Recuerdo que la psicóloga me evaluó con tests de personalidad, y el médico psiquiatra nos leyó el diagnóstico que ella dejó. Lo que más me llamó la atención fue escuchar Trastorno Límite de Personalidad y trastornos de alimentación. Cuando le pregunté al médico qué era “límite” la verdad es que ni él mismo lo sabía, y me dijo que era apego. 

Tuve que investigar todo por mi cuenta, porque la terapia privada que tomé con él se redujo a decirme que yo tenía “apego” (sin ahondar demasiado en el porqué de mi personalidad) y a leer libros de Walter Riso, los cuales no me aportaron nada más que repelús. La verdad no creo que haya sido un mal profesional, pero sí uno muy desactualizado y que no aborda a la persona como un todo.

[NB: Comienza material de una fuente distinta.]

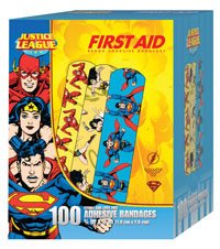 - Justice League Adhesive Bandage featuring Superwoman, Wonderwoman & Flash.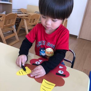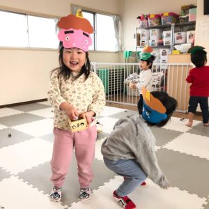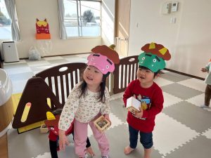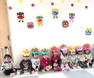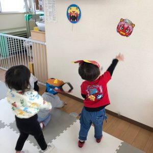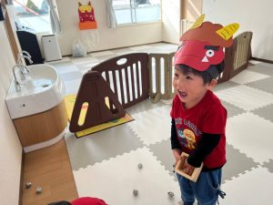 前日に、お家で家族の方と豆まきをしたお友達がたくさんいて「鬼はーそとー!」「福はうちー!」のかけ声も上手でした🎵

En el hospital también me evaluaron con un electroencefalograma, y esa fue la experiencia más psicodélica que tuve en mi vida –desde entonces he pensado que ir a Tomorrowland debe verse así, luces estimulantes por todos lados–. Por suerte salió normal, así que oficialmente no tengo ninguna afección biológica en mi cerebro. 

La noche más tétrica que pasé en el hospital fue producto de una infección en la orina, en donde tuve que aguardar toda una noche con cistitis hasta que me hicieron el examen de orina. Mi mamá caminó kilómetros para llevarme el medicamento para la cistitis un domingo en la tarde, pero el personal no me lo hizo llegar a tiempo.

¿Felizmente? me dieron el alta con diagnóstico de depresión mayor, y estuve en control anual en esa institución, hasta que otra psiquiatra me dijo que mi medicación debía ser de por vida. 

Yo honestamente pienso que mi vida no va a arreglarse a fuerza de antidepresivos, porque en todo este tiempo, todavía fui incapaz de autogestionar mis emociones; mis heridas del pasado continúan ahí, mis relaciones interpersonales y profesionales siguen hiriéndome, sigo repitiendo mis patrones, mi autoestima hundida, y además de todo, había subido de peso y perdido la capacidad de sentir dolor y placer, en absoluto.

Y aunque hoy toda la situación en mi familia ha cambiado, y mis familiares han mejorado su actitud, yo siento que sigo estática, mientras me encuentro en el mismo hogar en el que sufrí tanto dolor, recorriendo la misma ciudad en la que alguna vez fui feliz y hoy desconozco por completo, viviendo en el mismo país que paradójicamente ya no existe, mientras perdí casi una década de mi vida recordando lo que un día fue, y anhelando lo que podría ser. 

En verdad agradezco también el empeño que ha tenido mi madre y mi familia por cambiar de actitud y por apoyarme en mis proyectos personales, pero esta historia resuena en mi mente una y otra vez cada vez que los veo o escucho sus voces, mientras el sentimiento de nunca haber sido querida en la vida, no se va. 

Aunque sé que cada persona está librando una batalla personal, que cada quien hizo lo mejor que pudo con lo que tenía y estoy consciente de que a mis propios errores nada los eximirá, no puedo evitar sentir que el mundo me debe una disculpa. 

Lamentablemente aquella no fue la última ocasión en la que quise morir, pero esa ya es otra parte de esta historia.